Governor of Uttar Pradesh
- In office 26 May 1993 – 3 May 1996
- President: Shankar Dayal Sharma
- Preceded by: B. Satya Narayan Reddy
- Succeeded by: Mohammad Shafi Qureshi

Minister of Health and Family Welfare
- In office 14 February 1988 – 24 January 1989
- Prime Minister: Rajiv Gandhi
- Preceded by: Pamulaparthi Venkata Narasimha Rao
- Succeeded by: Ram Niwas Mirdha

Minister of Civil Aviation
- In office 14 February 1988 – 25 June 1988
- Prime Minister: Rajiv Gandhi
- Preceded by: Jagdish Tytler
- Succeeded by: Shivraj Patil

Member of Parliament, Rajya Sabha
- In office 10 April 2002 – 9 April 2020
- Succeeded by: Phulo Devi Netam
- Constituency: Chhattisgarh
- In office 3 April 1988 – 8 March 1989
- Succeeded by: Ghufran Azam
- Constituency: Madhya Pradesh

13th Chief Minister of Madhya Pradesh
- In office 25 January 1989 – 8 December 1989
- Preceded by: Arjun Singh
- Succeeded by: Shyama Charan Shukla
- In office 13 March 1985 – 13 February 1988
- Preceded by: Arjun Singh
- Succeeded by: Arjun Singh

Member of Madhya Pradesh Legislative Assembly
- In office 1989 – 1992
- Preceded by: Himself
- Succeeded by: Arun Vora
- Constituency: Durg
- In office 1972 – 1988
- Preceded by: R Jha
- Succeeded by: Himself
- Constituency: Durg

Personal details
- Born: 20 December 1928 Nimbi Jodhan, Jodhpur State, British India (present-day Nagaur District, Rajasthan, India)
- Died: 21 December 2020 (aged 92) New Delhi, India
- Cause of death: COVID infection
- Spouse: Shanti Devi Vora
- Children: Four daughters, two sons, including Arun
- Occupation: Politics
- Profession: Journalist, politician and social worker

= Motilal Vora =

Indian politician (1928–2020)

Motilal Vora (20 December 1928 – 21 December 2020) was an Indian politician belonging to the Indian National Congress (INC).

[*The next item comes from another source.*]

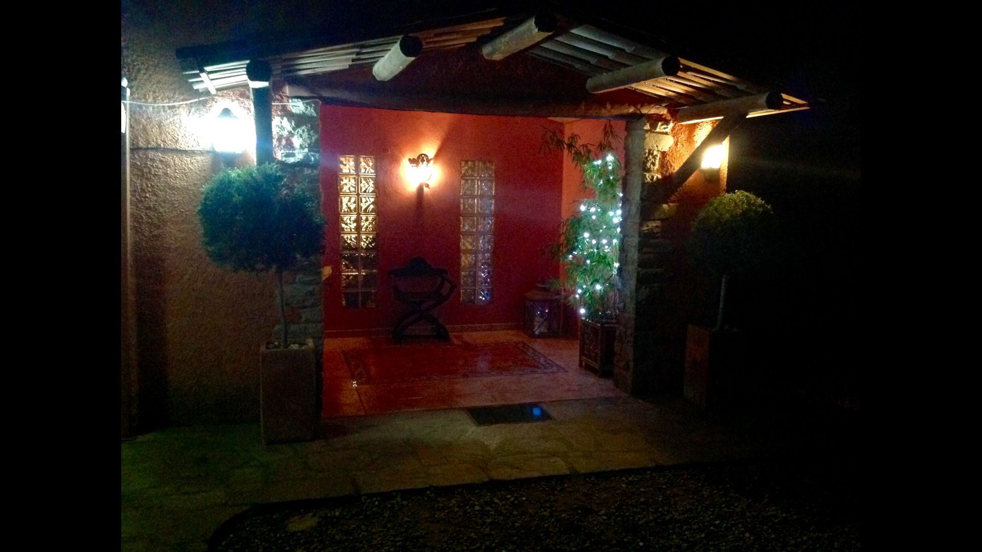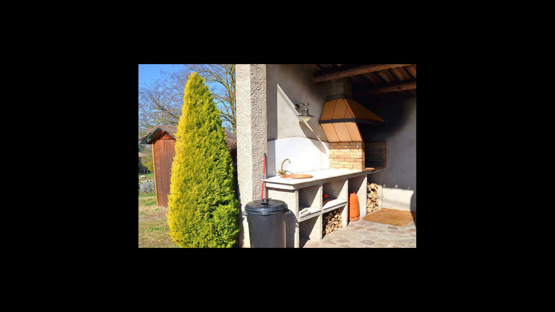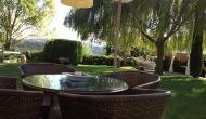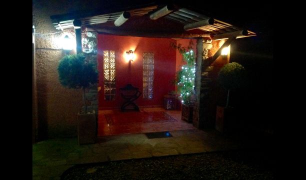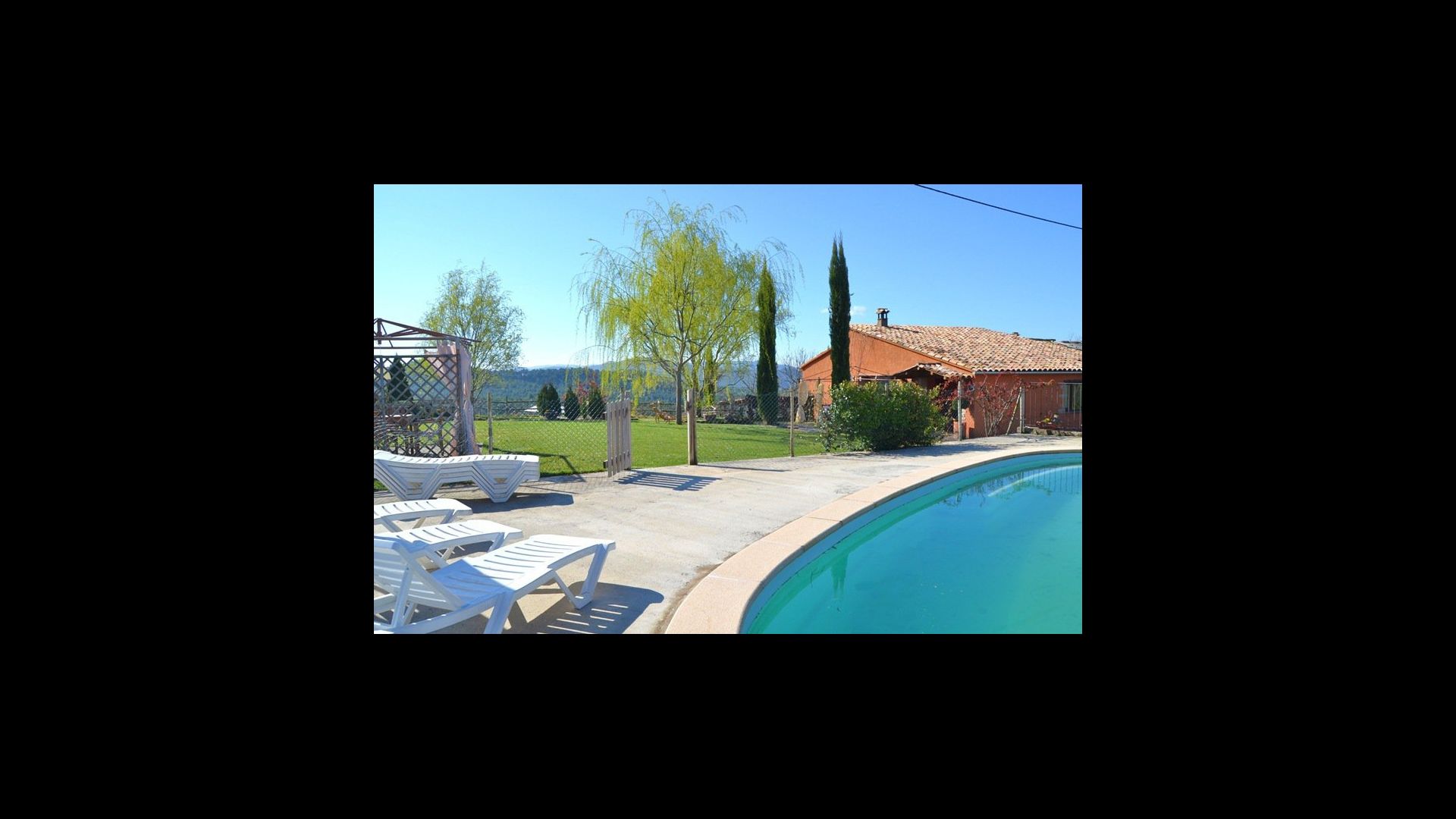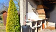 I haven er der privat indhegnet, privat swimmingpool (hvert af de to huse har egen pool) og i forlængelse af swimmingpoolen er en overdækket terrasse med BBQ og udekøkken. Der er desuden en lille terrasse foran huset og på plænen er desuden opsat en lille pavillon, hvor I også kan søge skygge på de varme sommerdage.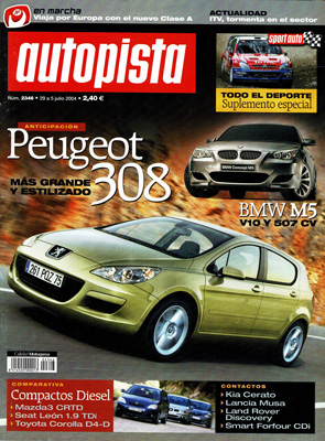 Nuevo BMW M5. Contactos: Kia Cerato, Smart Forfour dci, Ford Mondeo 2.2 TDCi, Lancia Musa y Land Rover Discovery. Anticipación: Peugeot 308. Prueba Comparativa: Mazda 3 1.6 CRTD/Seat León TDI/Toyota Corolla 2.0 D4-D. Prueba Comparativa: Audi A6 3.2 FSI Tiptronic/Volvo S80 T6 Summun. Pruebas EuroNCAP 2004. Rallye de Turquía.

He served as Chief Minister of Madhya Pradesh (1985–1988; 1989). He was born in Nimbi Jodha, Jodhpur State, British India. He was also Governor of Uttar Pradesh from 1993 to 1996.

== Early life ==
Vora was born on 20 December 1928 in Nimbi Jodha in the Jodhpur State, within the Rajputana Agency of British India (now in the Nagour district of Rajasthan, India) into a Pushkarna Brahmin family. His parents were Mohanlal Vora and Amba Bai. His forefathers came to Nimbi Jodha from Phalodi. He received his education at Raipur and Kolkata. He had also worked with several newspapers for many years. He married Shanti Devi Vora. The couple have four daughters and two sons. His son Arun Vora is an MLA from Durg (CG), having won three elections as MLA. His brother Govindlal Vora was veteran journalist and Chief Editor of Amrit Sandesh. His nephew Rajeev Vora is Secretary of Pragati College of Engineering and Management, Raipur.

== State politics ==
In 1968, Vora, then, a member of Samajwadi party, became a member of the Municipal Committee of Durg (then part of Madhya Pradesh). Around 1970, he, with the help of Prabhat Tiwari, was introduced to Pt. Kishorilal Shukla of INC and joined INC. He was elected to the Legislative Assembly of Madhya Pradesh in 1972 on an INC ticket. He was elected to Legislative Assembly again in 1977 and 1980. He was appointed a minister of State in Arjun Singh's Cabinet, and was in-charge of the Higher Education Department. He was elevated to the Cabinet Minister in 1983. He also served as the Deputy Chairman of Madhya Pradesh State Road Transport Corporation during 1981–84.

On 13 March 1985, Vora was appointed Chief Minister of Madhya Pradesh. He resigned from the post of Chief Minister on 13 February 1988, to join the Union Government.

== National politics ==
On 14 February 1988, Vora became a member of the Rajya Sabha, and assumed the office of Union Minister of Health, Family Welfare and Civil Aviation. He was a cabinet minister in Government of India. He was appointed Governor of Uttar Pradesh on 16 May 1993 and held office until 3 May 1996. Motilal Vora was in 1998–99 Member of the 12th Lok Sabha.

== Role in the Indian National Congress ==
Vora was very close to high command of INC, and supported nomination of Rahul Gandhi as the party's Prime Ministerial candidate. In the 1980s, he served as the President of the Madhya Pradesh Congress Committee, the party's state unit.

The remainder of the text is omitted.